If P.E. teachers took a #BelieveAllInjuries approach, a significant percentage of their class would never participate. Maybe it’s a quarter of the class or less, depending on the group, but it’s definitely a large chunk. A certain percentage love P.E., a big middle percentage are neither enthused nor disenchanted and could go either way depending on the teacher and environment, and a certain percentage come into the class determined to do the absolute minimum (#resist).
[Side note: At the start of this year I had a brief conversation with our other P.E. teachers about the best approach to having a “distance day” every week. Should the day be predictable or unpredictable? My approach is predictable. Cons: students can plan their injuries (and doctor’s appointments) in advance. Pros: you can coach the class into having a healthy mental approach (/resignation), and the inevitability makes it impersonal. If it’s unpredictable, the class’s first reaction is going to be to attempt to convince you to pick any other day, and once that fails, a negative mood, then effort, will prevail.]

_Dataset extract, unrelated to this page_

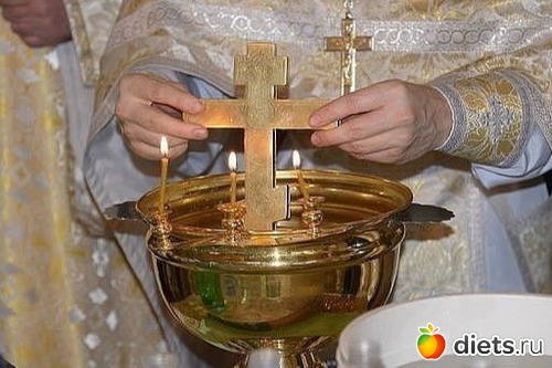 «Господи, Боже мой, да будет дар Твой святый и святая Твоя вода во оставление грехов моих, в просвещение ума моего, в укрепление душевных и телесных сил моих, во здравие души и тела моего, в покорение страстей и немощей моих по беспредельному милосердию Твоему молитвами Пречистыя Твоея Матери и всех святых Твоих. Аминь.»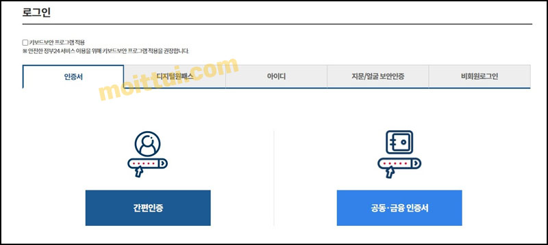 로그인은 편한방법으로 하면 됩니다. 공동인증서로 로그인 방법으로 화면을 설명 드리겠습니다.

Grading participation is tough when you are evaluating individuals doing individual tasks. When it comes to team competitions, it’s even more difficult. It’s nearly impossible to force students to play team sports when they don’t want to. For example, when we play dodgeball, I almost always provide an alternative. (Same thing when we go outside in *extreme* temperatures. It’s just a good idea to make those sorts of things voluntary. #separateblogpost) But think about it. If the coach is splitting up teams, it’s pretty important to know what level of effort the individuals will be competing at. Playing to win the game is sacred, and if anyone on either side is not playing to win, the competition is undermined. For this reason, I have developed the following policy: if you don’t want to compete, tell me before I split up teams. You can walk laps around the field/gym instead, and you won’t lose any points. If you don’t compete with adequate effort during the game, I’m going to kick you out of the game to walk laps, and in that case you do lose a point (at least). On top of those options, when we do play games, there are at least two options, one in the gym and one on the field. This entire system changes in the fourth quarter, when I have students assigned to permanent teams (#separateblogpost).
When I kick students out of team competitions for lack of effort, they are often incredulous, and for good reason. By doing so, I am claiming to 1) know their intentions and 2) understand their potential. It’s borderline crazy to assert you have a grasp on either of those things, but I do. And that’s the beautiful thing about my current situation. I have spent my life competing and watching other people compete. I spend most of my everyday life working with these students. I do understand effort and potential, and I do understand my students. Do I get it right every time? No. Is it an effective way to encourage their level of effort to stay well above the grey area? Yes.
Something is “Good” if it fulfills its purpose. A “Good” P.E. teacher is one who teaches students to give their best effort, to be a “sweaty try-hard”. The rest is just details. Grade participation.